Wow.  I’m still shaking my head in disbelief, and the tears keep welling up.  Although I worked on behalf of Obama from early in the primaries, I did not expect to be this moved.  Having been bitterly disappointed by this country’s politics for my entire life, I possess a deeply rooted skepticism that dogs me even now, as the focus shifts to the enormous task President Obama faces.  In spite of this, I am extremely hopeful.

I was born in 1961, so I don’t know what it felt like when Kennedy won.  I imagine something like this may have swept much of the country at that time.  But that victory was quite narrow, with a 0.2% popular vote margin.  And while the prospect of a young Catholic President was groundbreaking, the message this election sends to our country and the world is far more profound.  Some thought it scandalous when Michelle Obama said it, but this is most definitely the first time in my life that I have been proud of our choice of President and, indeed, of my country.

Questions of patriotism have been central to the divisive politics that have flourished since the Vietnam War.  I was born in Berkeley and grew up in Chicago (in Obama’s home turf of Hyde Park, in fact).  My earliest political memories are of sadness over the losses of McCarthy and McGovern.  The first election I voted in was 1980.  For someone literally steeped from birth in progressive views, it’s been a pretty bleak 28 years. 

The truth is that I have not been proud of my country.  Indeed I have viewed the very idea of patriotism as an expression of love-it-or-leave parochialism that ignores the stunning history of criminal injustices running in a steady line from the genocide of Native Americans through slavery, Jim Crow, McCarthyism, Vietnam and Iran-Contra, right up to the present day abomination of the Iraq War and Occupation.

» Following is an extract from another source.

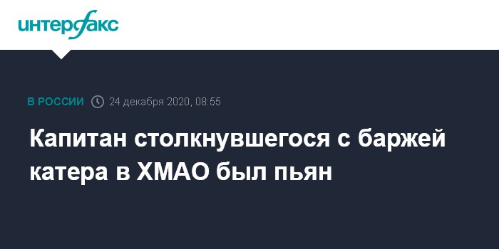 Капитан столкнувшегося с баржей катера в ХМАО был пьян
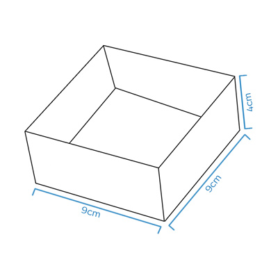 Tamanho da Embalagem (área útil): 9,3cm de comprimento x 9,3cm de largura x 4cm de altura

I have seen several commentators note the significance of the victory celebration in Chicago’s Grant Park.  That symbolism was highlighted for me by a recent viewing of “Chicago 10,” an excellent documentary on the 1968 convention and the subsequent show-trial of one of my heroes, Abbie Hoffman.  Now, in place of brutal beatings of unarmed kids by a racist police force, we have a giant party.  Instead of riots in the streets of major American cities, we have dancing. 

This is a healing moment for our country.  How many newscasters did we see with tears in their eyes last night?  Even McCain and Fox abandoned their mudslinging to praise the historic nature of Obama’s victory.  Unlike with Bush, Obama’s professed desire to unite this country will not be empty rhetoric.  The process has already begun, but I have a feeling that, as the song says, “b-b-b-baby, you ain’t seen nothin’ yet.”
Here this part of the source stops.